Aren't the PG eBooks already in Google Print?

That's what I heard, so I would have figured they would have
re-indexed them to make them complete???

I wonder if they left the old files, and just are making new ones,
still from PG eBooks?

If so, how would you tell the difference?

mh
From hart at pglaf.org  Fri Dec 31 11:04:35 2004
From: hart at pglaf.org (Michael Hart)
Date: Fri Dec 31 11:04:35 2004
Subject: [gutvol-d] !@!Googleberg eBooks
In-Reply-To: <20041230212536.30DEE4BDAB@ws1-1.us4.outblaze.com>
References: <20041230212536.30DEE4BDAB@ws1-1.us4.outblaze.com>
Message-ID: <Pine.LNX.4.60.0412311102150.22737@pglaf.org>


On Thu, 30 Dec 2004, D. Starner wrote:

> Michael Hart writes:
>>
>> eBooks often have multiple paper sources.
>
> PG eBooks verifiably do not often have multiple paper sources. They
> sometimes, occasionally, have multiple paper sources. It is the
> exception that they have multiple paper sources, and even more the
> exception that they come from multiple paper editions.

The above might take more than one reading. . . .

In addition, I should add the pretty much ALL the original PG eBooks
came from multiple editions, simply to do better error checking.

Michael

From jon at noring.name  Fri Dec 31 11:25:27 2004
From: jon at noring.name (Jon Noring)
Date: Fri Dec 31 11:25:43 2004
Subject: [gutvol-d] !@!Googleberg eBooks
In-Reply-To: <Pine.LNX.4.60.0412311102150.22737@pglaf.org>
References: <20041230212536.30DEE4BDAB@ws1-1.us4.outblaze.com>
	<Pine.LNX.4.60.0412311102150.22737@pglaf.org>
Message-ID: <142187819718.20041231122527@noring.name>

Michael Hart wrote:

> In addition, I should add the pretty much ALL the original PG eBooks
> came from multiple editions, simply to do better error checking.

How many of the PG texts fall into the category "the original PG
eBooks"?

There is, of course, a difference between consulting other sources to
clarify a few things with the text derived from the primary source, and
simply kludging together a bunch of different editions to form a "new
edition".

An example of how things got out of whack with the "original PG texts"
is Mary Shelley's "Frankenstein", where there are two quite different
editions, and the version at PG is not even marked as to which edition
it conforms with.

It was a mistake to not include source information with the early PG
texts (even if the work was a derivative.) Mistakes happen. Some of
these mistakes can be corrected after-the-fact. And future works can do
it right. No need to apologize for the past, Michael -- all projects
make mistakes. The key is to learn from the mistakes and make the
necessary changes in policies and procedures.

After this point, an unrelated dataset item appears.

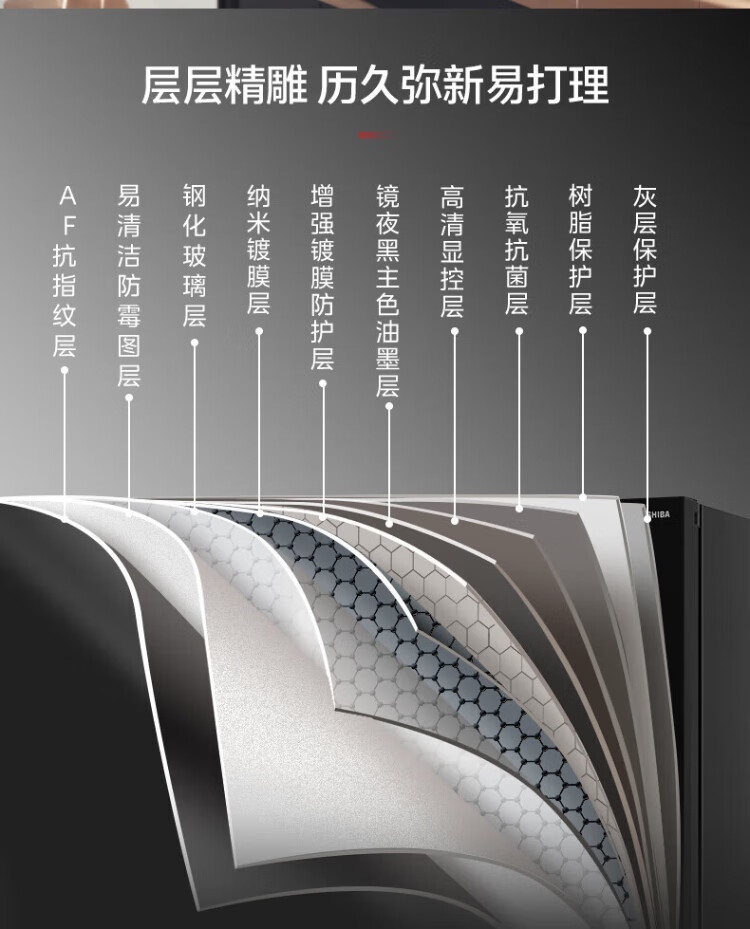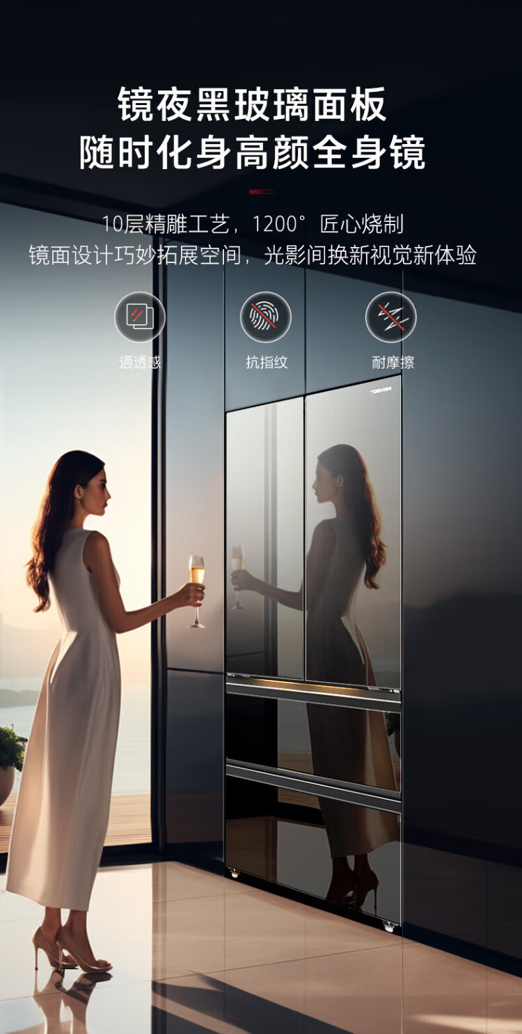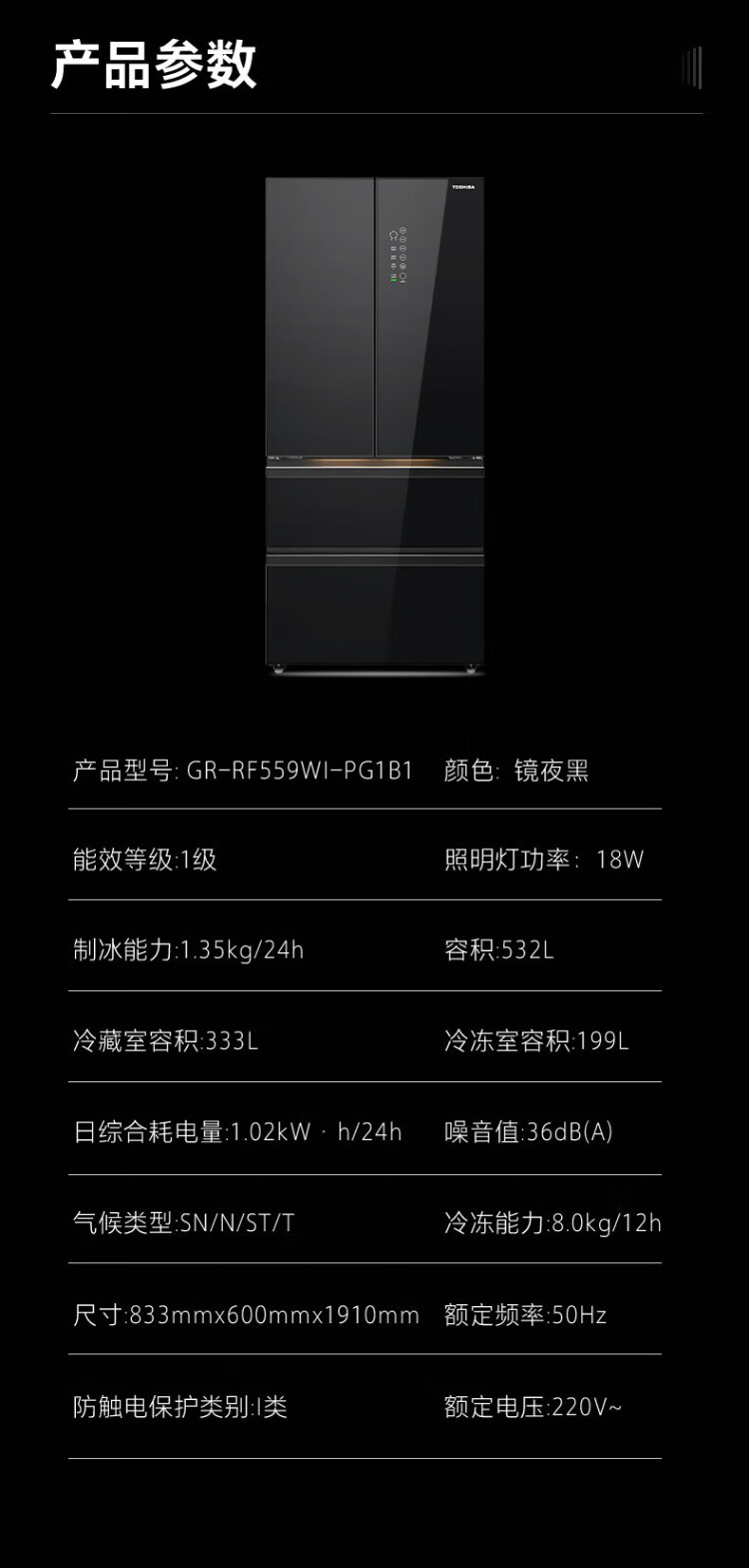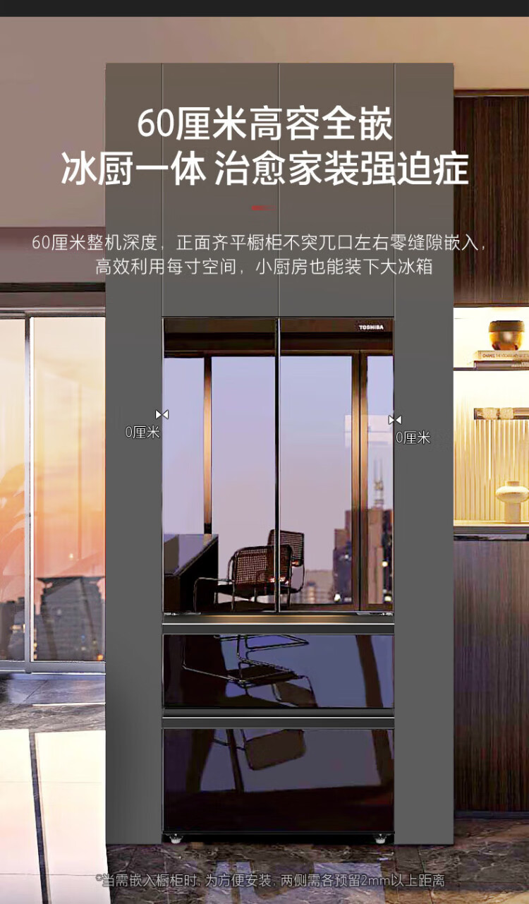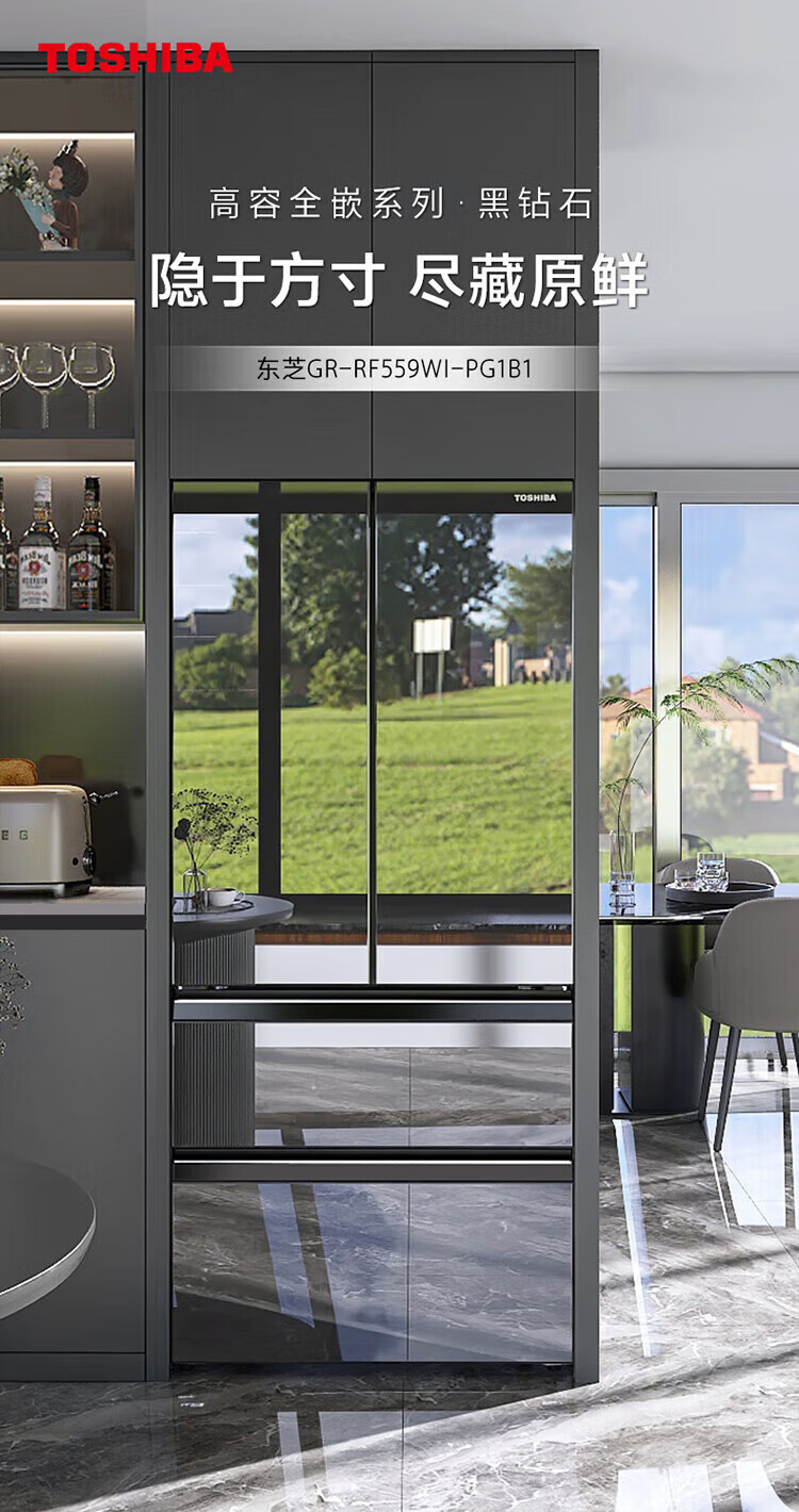 Toshiba 559 Black Diamond Household 532-liter French-style multi-door refrigerator High-capacity fully embedded ultra-thin zero-embedded large-capacity automatic ice making Frost-free inverter refrigerator first-class energy efficiency 559 Black Diamond Light luxury mirror night glass panel

(Am I correct in that the policy has changed, and all new PG texts
are to include the source metadata?)

Jon

From jtinsley at pobox.com  Fri Dec 31 12:19:56 2004
From: jtinsley at pobox.com (Jim Tinsley)
Date: Fri Dec 31 12:20:06 2004
Subject: [gutvol-d] !@!Googleberg eBooks
In-Reply-To: <Pine.LNX.4.60.0412311058250.22737@pglaf.org>
References: <Pine.LNX.4.60.0412280347130.19277@pglaf.org>
	<20041230210318.GA27098@panix.com>
	<20041230233923.GA2406@pglaf.org>
	<20041230234920.GC22506@panix.com>
	<Pine.LNX.4.60.0412311058250.22737@pglaf.org>
Message-ID: <20041231201956.GA2782@panix.com>

On Fri, 31 Dec 2004 10:59:51 -0800 (PST), Michael Hart <hart@pglaf.org> wrote:

>Aren't the PG eBooks already in Google Print?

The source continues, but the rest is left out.